Cette tâche est dévolue au politique, ce dont il s’occupe très mal, puisque les seules préventions de la délinquance sont des mesures appropriées de son ressort, comme le relèvement des minima d’existence, l’encadrement culturel, la scolarisation et le travail des jeunes, plutôt que l’oisiveté et le chômage, la propreté des rues, etc.
Or, que fait-on ? On ne recrute pas du personnel administratif en suffisance dans les commissariats. On durcit la loi sur les armes, c’est-à-dire que l’on perd son temps à des lois qui n’ont que peu d’effets. On effraie le public par des informations alarmantes sur la sécurité, en même temps que l’on se présente comme le rempart à la délinquance que l’on dénonce.

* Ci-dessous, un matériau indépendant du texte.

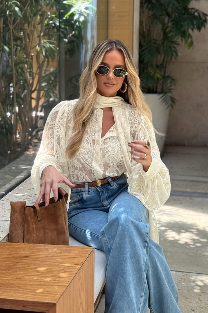 - Stile: Blusa in pizzo trasparente con fiocco al collo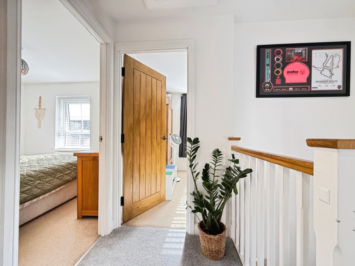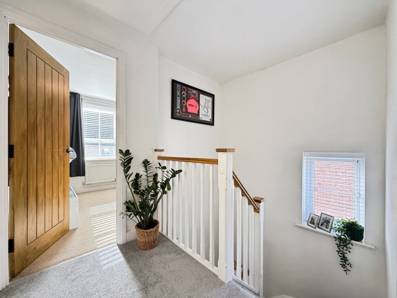 Carpeted underfoot, airing cupboard, uPVC double glazed window to side elevation, radiator, loft access, oak internal doors into: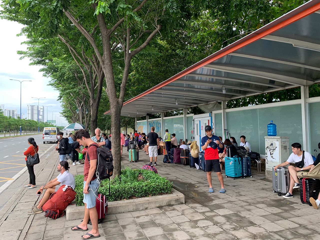 ณ ฟาม งู เหลา ด้านหน้าจุดจำหน่ายตั๋วรถบัส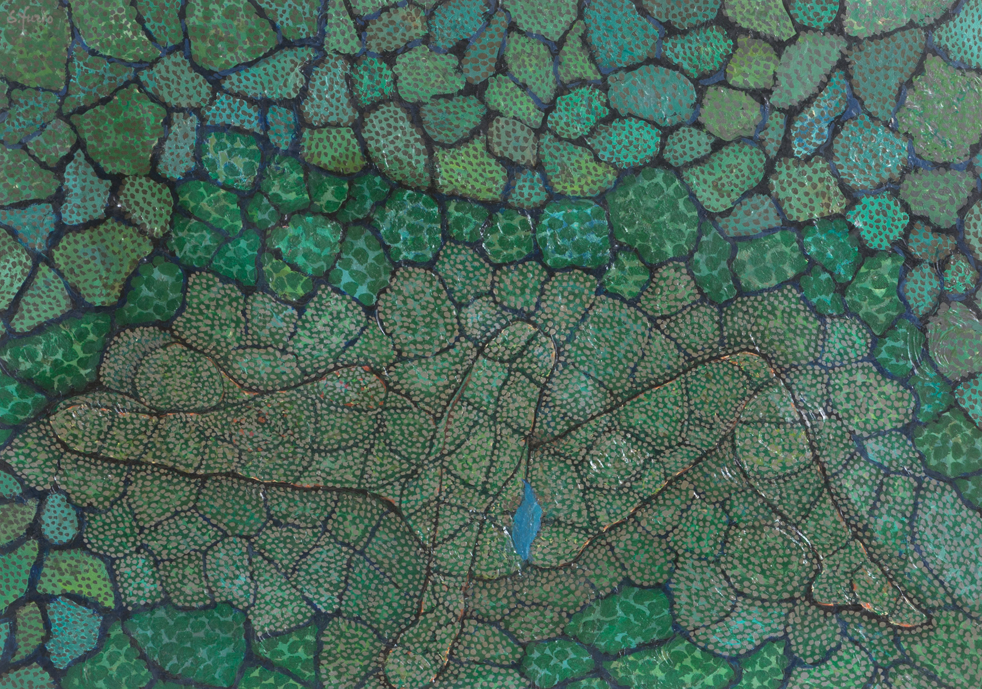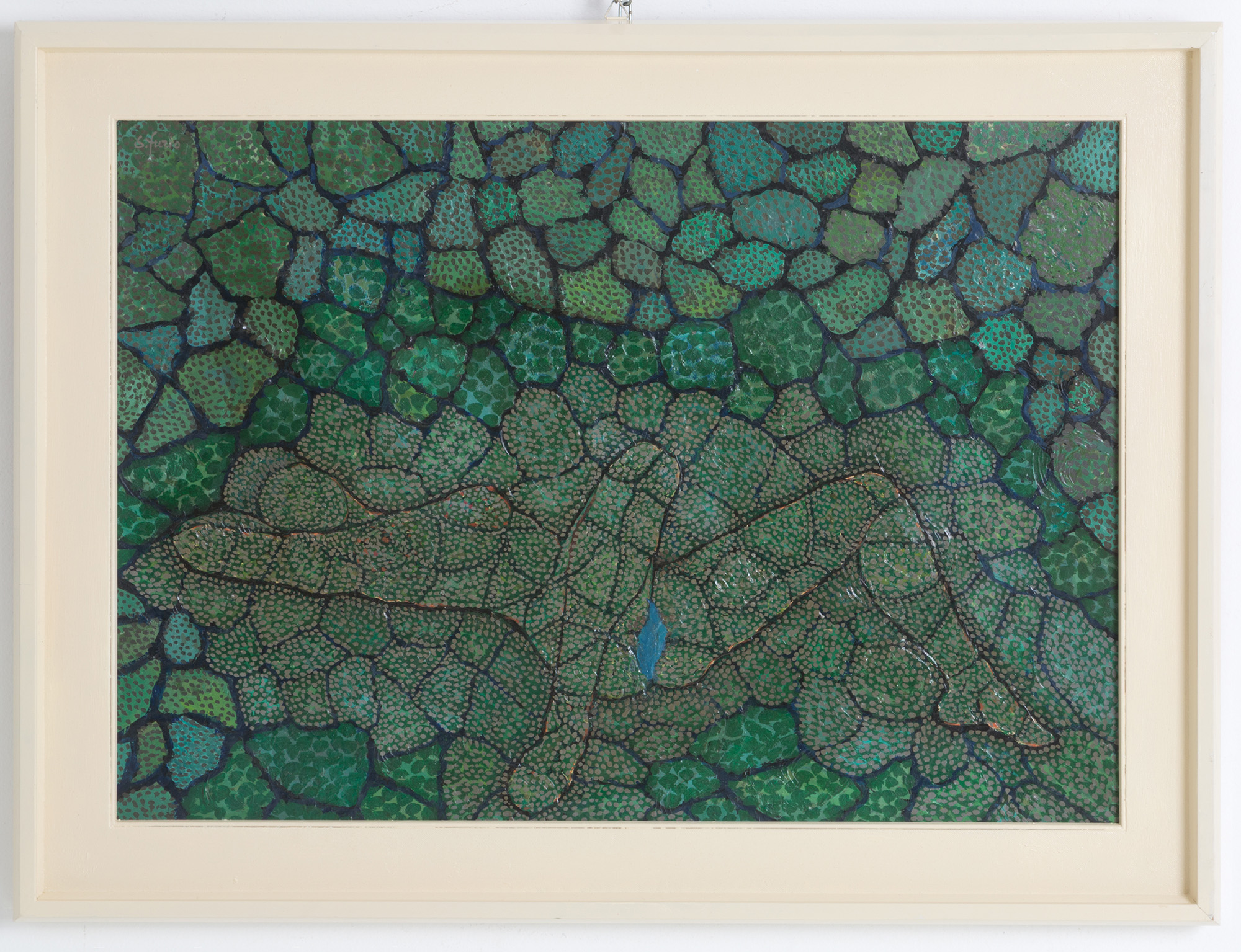 FURIO SANTINI detto SANFURIO (Cortona, 1947 - Milano, 2004). Dipinto olio su masonite raff. ''SOGGETTO INFORMALE''. Firmato in alto a sinistra. In cornice. Mis. Lung. cm. 70 Alt. cm. 51 ca.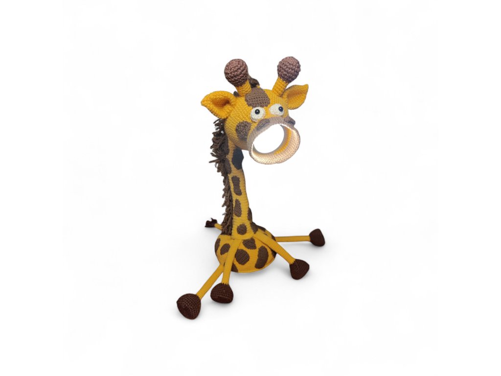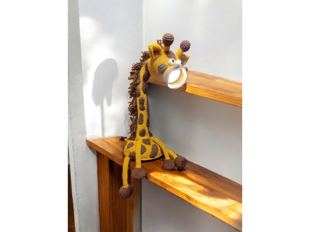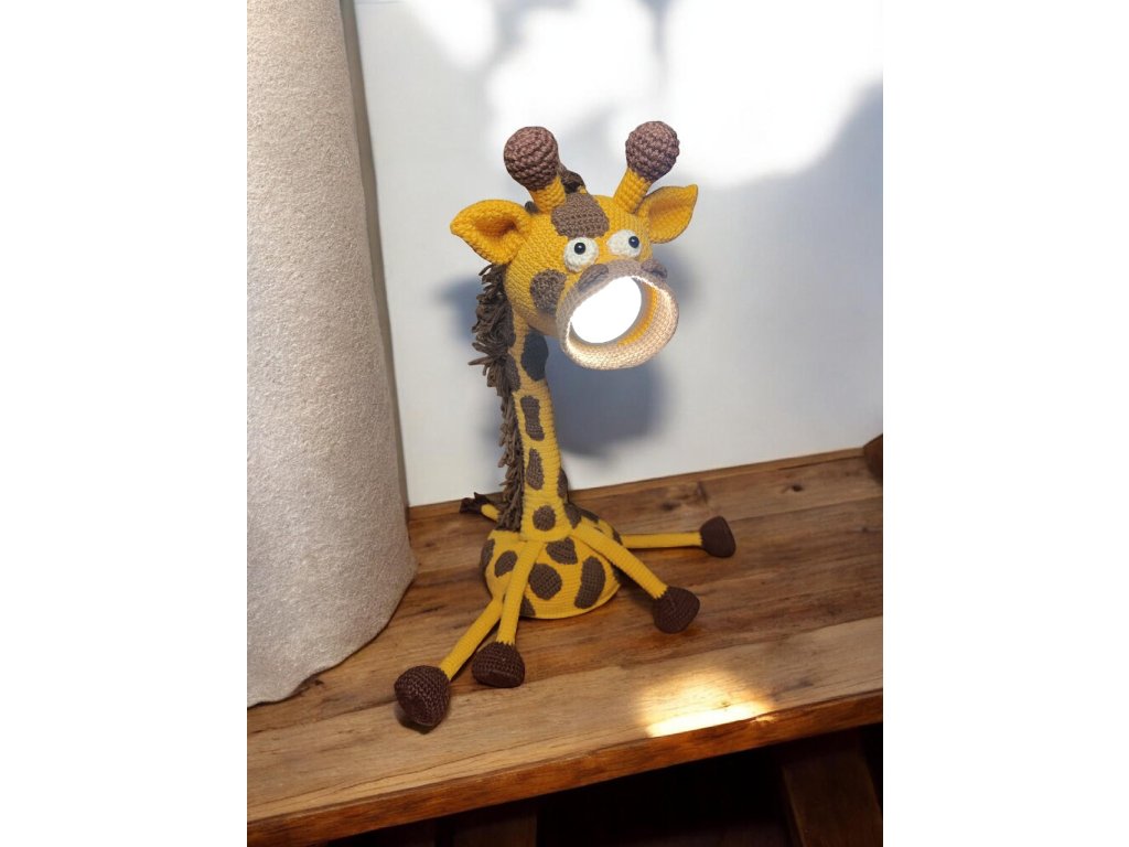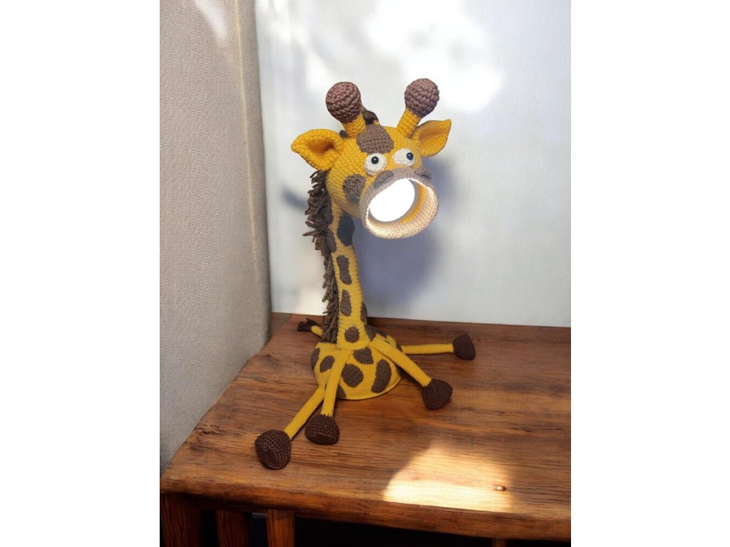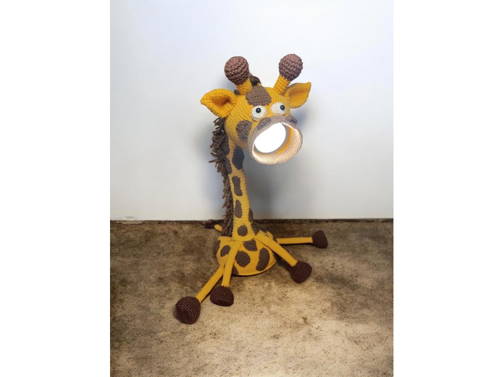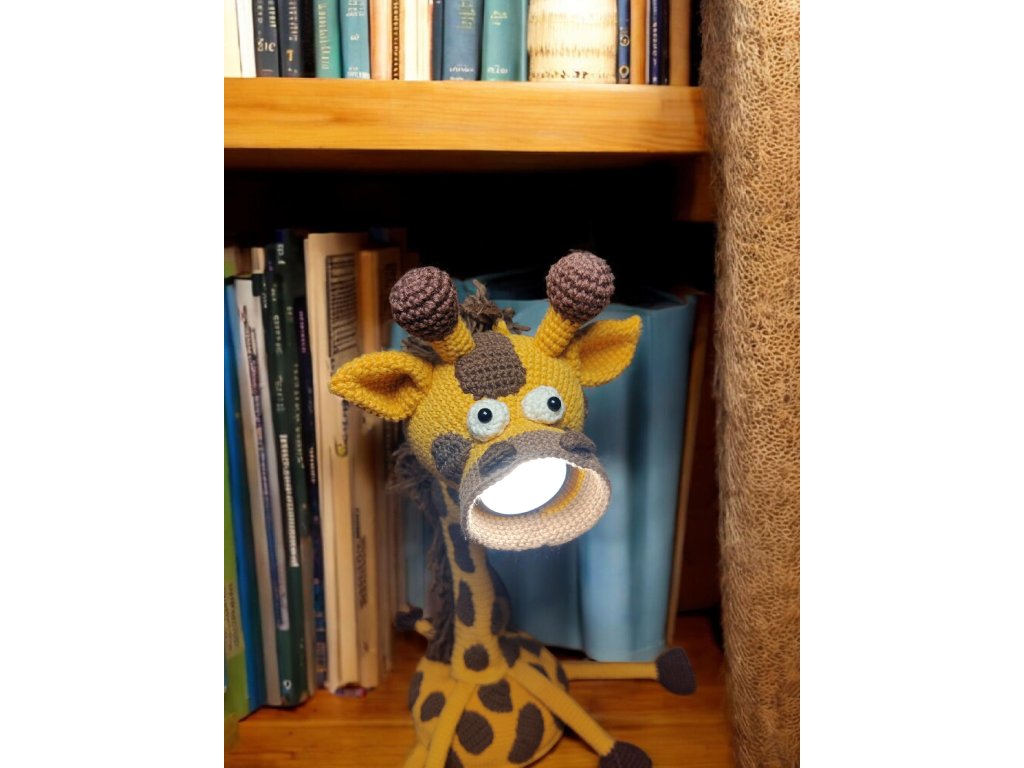 Celá háčkovaná žirafa slouží jako snímatelný obal na lampičku. Lampička, která je součástí, je koupena v Lidlu – konkrétně se jedná o model Briloner LED stolní lampa od značky Briloner.

Enfin, on envisage à grand renfort de publicité personnelle la création de nouvelles prisons.
Du côté de la magistrature, on assiste à des records de lenteur dans l’instruction des affaires, si bien que nombre d’entre elles à la limite des délais, finissent par être bâclées.
On encombre les prétoires d’affaires qui ne passeront jamais en jugement, à cause de l’importance des retards. On multiplie les préventives d’une part, et d’autre part, on relaxe des délinquants, parfois dangereux et avec de fortes chances de récidive, par manque de place dans les prisons !
L’indépendance de la justice dont tout le monde nous rebat les oreilles n’est en réalité pas bien comprise de ceux qui ont à s’en plaindre et qui sont pour la plupart les bailleurs de fonds – les contribuables – de ladite justice.
Le secours d’un avocat est hors de prix et le pro deo une mascarade.
L’automobiliste est la proie de choix et le principal « délinquant » en ce sens que c’est lui qui alimente en premier lieu les caisses de l’Etat en amendes et frais de justice.
Tandis que le vol dans les rues par d’habiles pickpockets n’est nullement réprimé et que cela devient un sport national pratiqué par des spécialistes qui rançonnent les foules, hardiment, et bénéficiant d‘une large impunité.
Bref, tout marche de travers et ce n’est pas demain que ça ira mieux.